**Exercise brief**. Each line from the one containing "活动在升国旗仪式中拉开帷幕,国旗护卫队迈" to the end of the data must be copied exactly, the first and last included; no other lines and no pictures belong in the copy.

**Recorded information**.
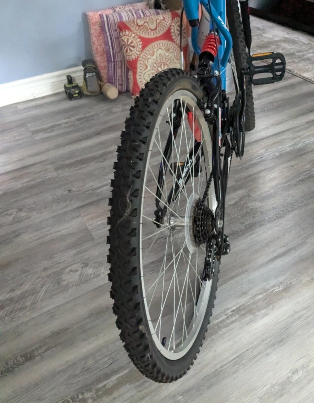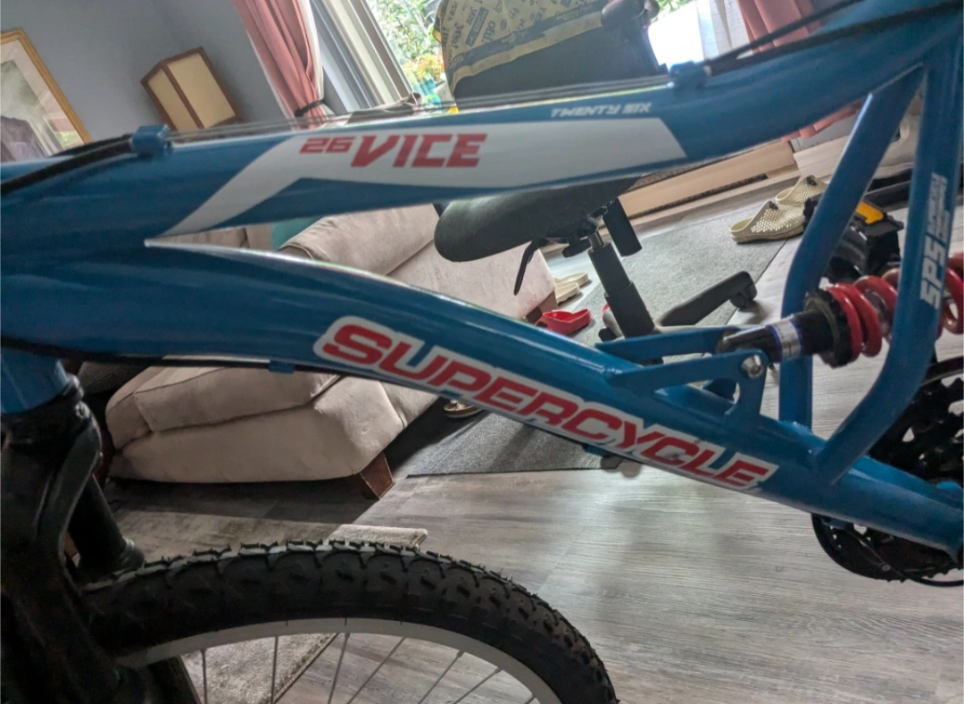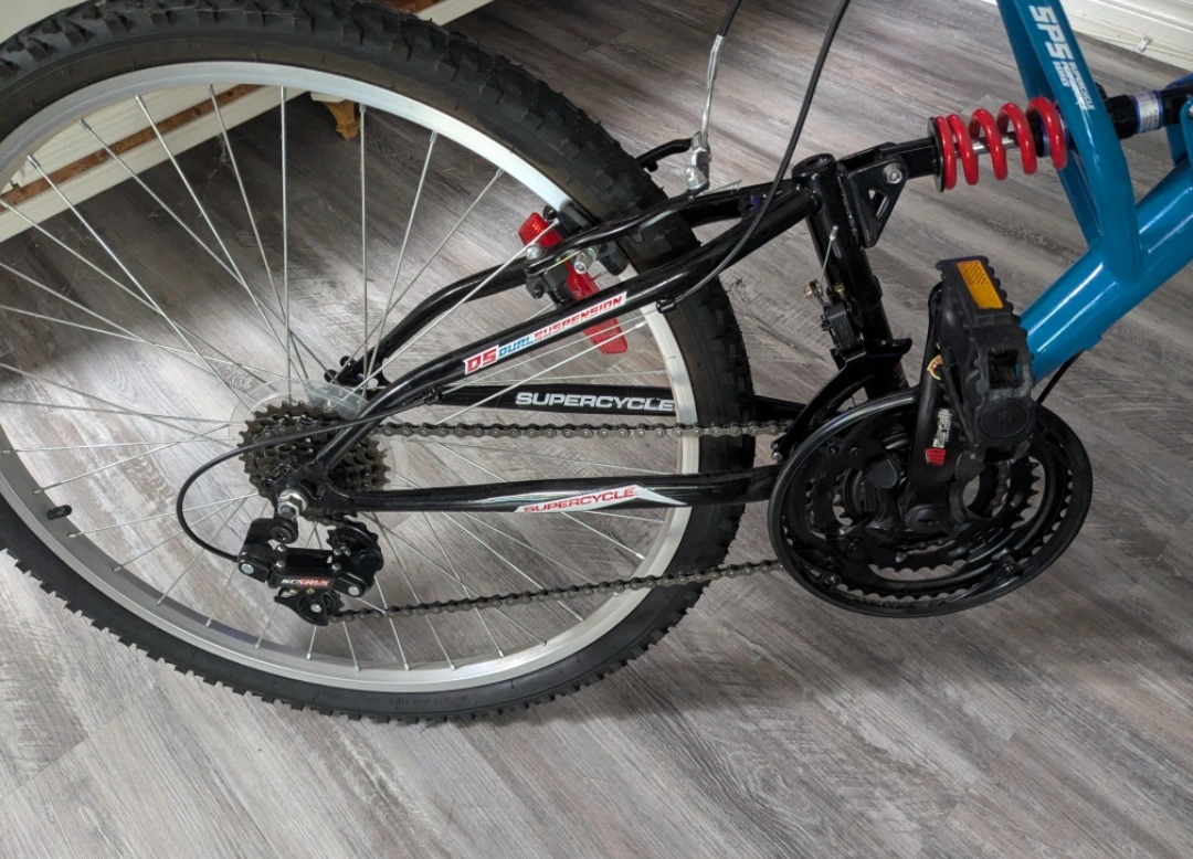 The Supercycle Vice 26" Dual Suspension Mountain Bike features a full suspension steel frame with shock fork and rear suspension spring for a smoother, more efficient ride. What makes it extra cool? This bike has an 18-speed derailleur, pearlized black paint, alloy rims, and derailleur guard.
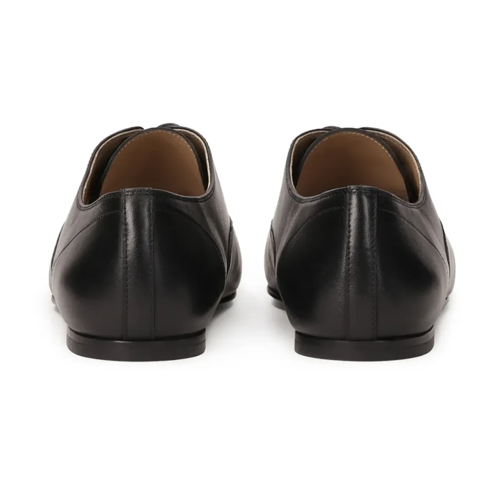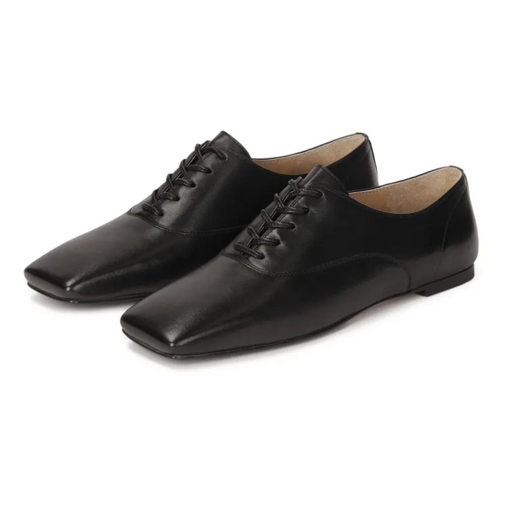Klassisk præcision møder moderne minimalisme i disse sofistikerede halvsko, fremstillet af premium naturlæder i en dyb sort farve. Deres lave, snørede overdel med perfekt raffinerede linjer understreger subtilt foden slankhed, og kombinerer tidløs elegance med funktionalitet. Den firkantede tå tilføjer et arkitektonisk touch til modellen og introducerer en sofistikeret kontrast mellem det klassiske snit og moderne detaljer. Dette er et forslag til kvinder, der værdsætter diskret luksus og fint skræddersyet design, som fungerer godt både i formel styling og i hverdagens elegante fremtræden. Lædersålen med gummisål kombinerer den elegante æstetik og naturligheden af læder med den exceptionelle greb og holdbarhed af gummi, og tilbyder den perfekte kombination af komfort, sikkerhed og stil. Den semianilin-fåreskindforing, med dens fremragende fugtabsorberende egenskaber, giver enestående komfort.
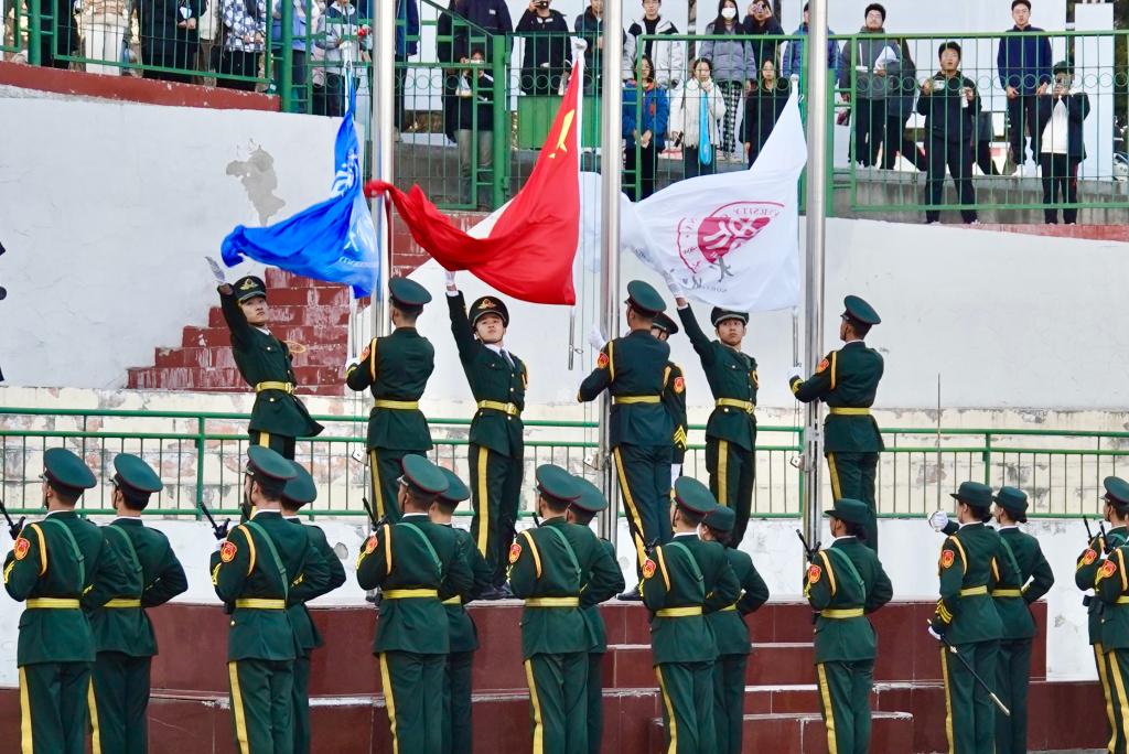 活动在升国旗仪式中拉开帷幕,国旗护卫队迈着铿锵有力的步伐,昂首阔步,护卫着五星红旗走向升旗台。随着国旗冉冉升起,在场师生满怀激情、齐唱国歌,场面庄严肃穆。
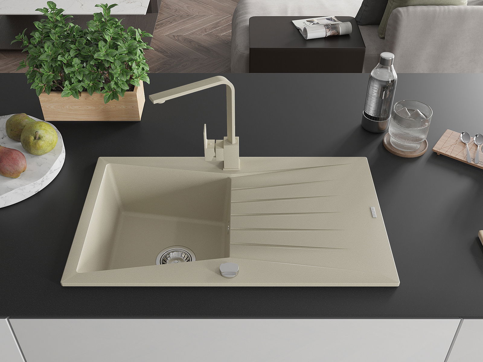Mexen Cesar гранитна мивка с 1 корито и отцедник и кухненски смесител Rita, бежов - 6514-69-670300-69

**Answer to this problem**.
 活动在升国旗仪式中拉开帷幕,国旗护卫队迈着铿锵有力的步伐,昂首阔步,护卫着五星红旗走向升旗台。随着国旗冉冉升起,在场师生满怀激情、齐唱国歌,场面庄严肃穆。
Mexen Cesar гранитна мивка с 1 корито и отцедник и кухненски смесител Rita, бежов - 6514-69-670300-69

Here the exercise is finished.